During the 16th and 17th centuries, the high modernity of sovereign nation-states was in the making. Now, he is changing his form. The study of the early modern period teaches interesting ways of examining modern political entities. In both cases, money and goods are allocated through informal social networks, and they are ephemeral. The difference between official and informal is not very great. Members of these social networks have interests in nation states and are willing to pursue them. It is not entirely clear who has the right to engage in legitimate acts of violence. Judgment depends on persuading powerful local elites to join them. Without these powerful elites, no head of state can wage war, but these elites are also the ruler’s opponent. “Criminals” are often demobilized soldiers who continue the same business without a formal patent – and they can easily become soldiers again.

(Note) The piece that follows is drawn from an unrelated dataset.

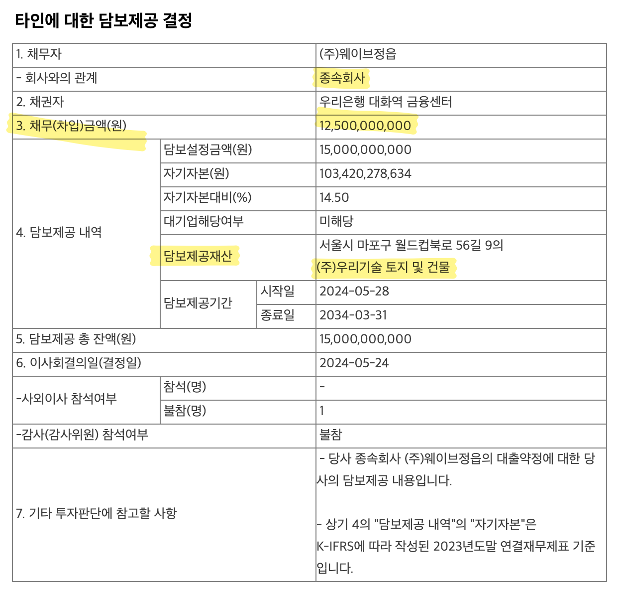 2024.5.24 추가상장 & 타인에 대한 담보제공 결정

This diagram of power networks is a summary of sociologist Charles Tilly’s view that war-making and state-making are forms of organized crime—not because the people involved care more about themselves than anyone else but because cells, gangs, corporations, and political entities organize themselves in similar ways on larger scales. and smaller. Writing “War-Making and State-Making as Organized Crime” in 1985, Tilly compares early modern European political entities to the political entities he saw taking shape in the developing world. But after nearly 40 years, it is not only the developing world where the networked nature of power and violence has been revealed.

Common characteristics between modern and contemporary states as well as other political entities contribute to persistent conflicts, chronic conflicts, and recurrent conflicts. What Biden or anyone else wants may not be closely related to the deeper structural factors that shape states’ actions. Even if the United States swore to intervene, conditions would not change, and other countries would intervene to fill the void, as they did in Libya, Syria and Sudan. Wars will continue forever for the foreseeable future.